In the event that you are considering filing your income tax returns(ITR) presently to dodge the last-minute rush, it’s a sensible thing to do. The last date for filing ITR has been stretched out to December 31, 2020. But before you undertake the exercise, it would help to know the changes that the income tax department has made in the notified ITR forms for FY20.
Changes in FY20 ITR Forms That You Should Know About
The tax department acquires a couple of changes in the tax forms almost every year to facilitate the cycle of tax filing and increase compliance. Here are the changes in this year’s ITR forms that you should know about.
- Now, Long-term capital gains (LTCG) from equity shares and mutual funds above Rs.1 lakh are taxable. A grandfathering system has been introduced for listed shares and specified units bought before January 31, 2018, on which such tax isn’t imposed. To catch these subtleties, a different Schedule 112A has been introduced in the ITR forms. You are needed to unveil subtleties of the sale of equity share in an organization or unit of equity-oriented fund on which Securities Transaction Tax (STT) is paid under Section 112A.

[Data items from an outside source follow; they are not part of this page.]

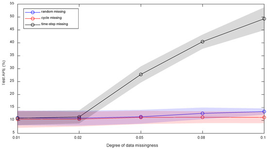Figure 9. The impact of data-missing degree on battery lifetime prediction in different data-missing scenarios. The shaded areas represent the values within one standard deviation across the results of five different train/valid/test splits.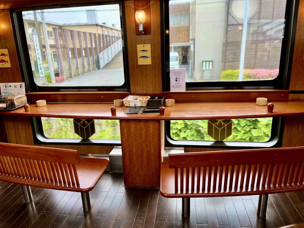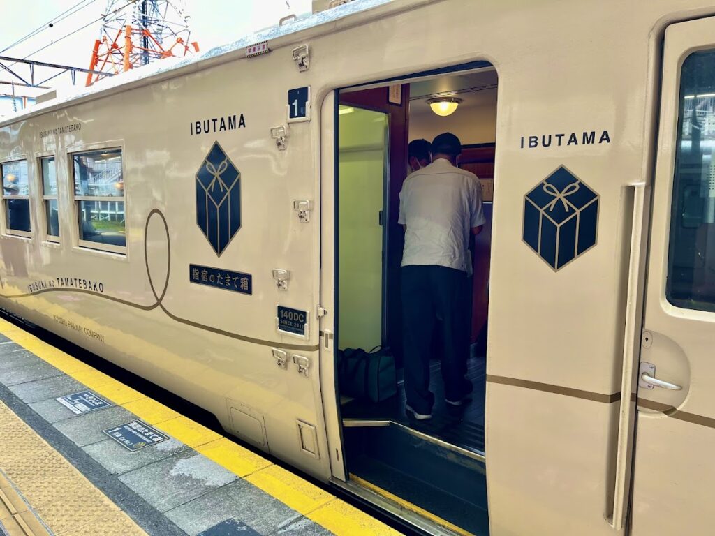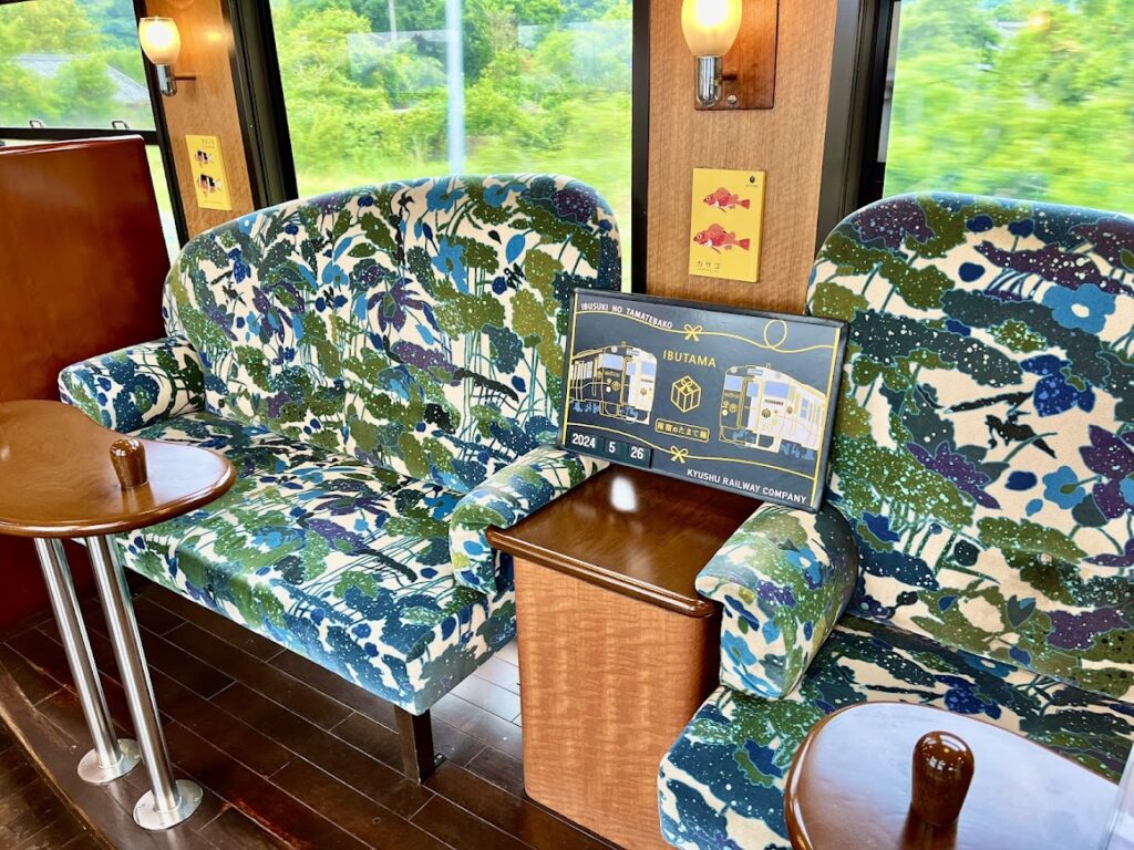 ここは指定席とは別の、錦江湾が良く見えるサロン座席。上の写真は、ここで撮ったものです。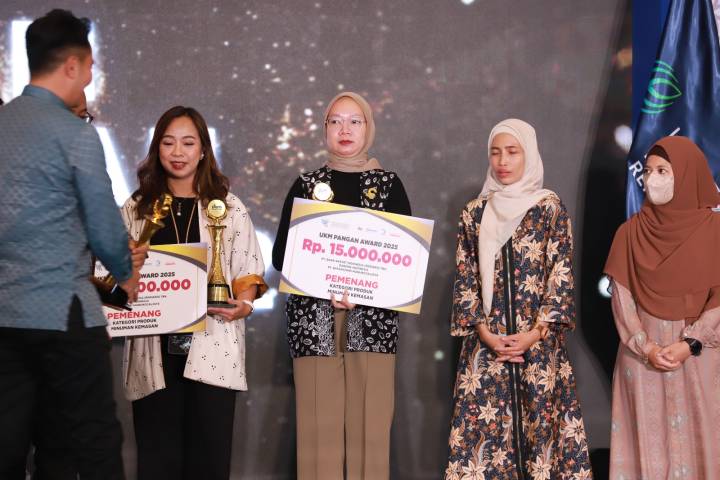 Owner Cokelatin, Irena Surosoputra (tengah) mendapatkan penghargan UKM Pangan Award 2025 di ICE BSD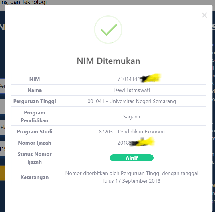 Berikut ini merupakan contoh tampilan data yang diketemukan dalam pencarian. Sebagai contoh saya adalah lulusan Universitas Negeri Semarang, maka apakah data saya ada di SIVIL — ehh PISN –.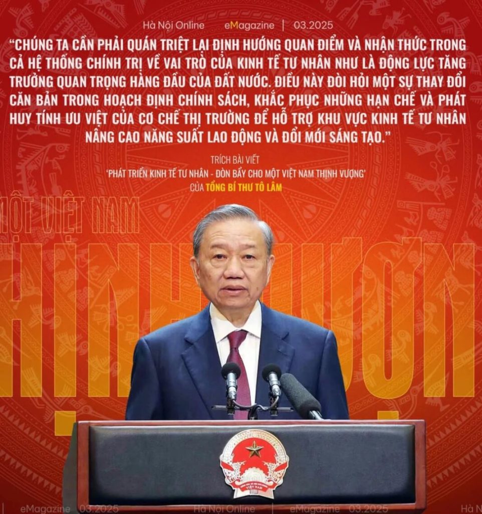 Tổng bí thư Tô Lâm không nói “kinh tế tư nhân là chủ đạo”, chỉ nói “phát triển kính tế tư nhân là đòn bẩy cho một Việt Nam thịnh vượng” là tế nhị và hàm ý. Tôi hoan nghênh nhưng cũng băn khoăn, vì từ đời Tổng bí thư Đỗ Mười đến Tổng bí thư Nguyễn Phú Trọng đều có đường lối “kinh tế thị trường theo định hướng XHCN” lấy kinh tế nhà nước làm chủ đạo. Sau khi dồn hết tài lực và vật lực cho các “quả đấm thép”, bây giờ chúng đã phá sản hết! Các tập đoàn chưa phá thì nợ ngập đầu.

Providing scrip-wise details in FY20 ITR forms is required to be filled up only for reporting of LTCG that is eligible for the benefit of grandfathering. Grandfathering is computed based on the cost, sale, and market price as of 31 January 2018 for each share or unit and, hence, there is a need to capture the details,” said Tapati Ghose, partner, Deloitte India, a consultancy firm.
There are other details to be provided as well. “Taxpayers will need to provide international securities identification number (ISIN), name of the scrip, number of units or shares sold, sale price, purchase cost and fair market value (FMV) in Schedule 112A form at the time of tax filing. These details can be obtained from the taxpayer’s stock statements,” said Daphne Anand, chief technology officer, IndiaFilings, a tax filing portal.
For shares or units bought after 31 January 2018, a consolidated entry instead of scrip-wise details would suffice.
- Due to the Coronavirus emergency, the tax department permitted taxpayers to guarantee deduction, including under Section 80C, for FY20, for investments made till July 31, 2020, rather than till March 31, 2020. To guarantee such benefit, you should give subtleties in ITR forms under a new timetable. Leave the segment clear on the off chance that you don’t need the advantage for FY20 however might want to benefit from it in FY21 instead.
- The advantage of Section 80D (for tax benefit on medical insurance) on premiums paid for self and family and parents(counting senior residents) need to be mentioned independently. Prior, you could specify a united sum under Section 80D for the medical insurance premium paid for self and family and parents.
- You can provide details of more than one bank account in which you want a tax refund.
- In the house property schedule in ITR-2, you have to reveal a permanent account number (PAN) or Aadhaar of the co-proprietor or tenants. In the capital increases plan for ITR-2, as well, PAN or Aadhaar of the purchaser of the enduring property is required. Prior, just PAN was needed in the two cases.
- In the event that you have net available pay, with no deductions, beneath Rs.2.5 lakh, you are not needed to file ITR. However, on the off chance that you have made certain specified transactions, you have to file ITR from this year. These transactions incorporate depositing more than Rs.1 crore in more than one or more current accounts in FY20, spending more than Rs.2 lakh on foreign travel; and paying more than Rs.1 lakh as electricity bill in FY20.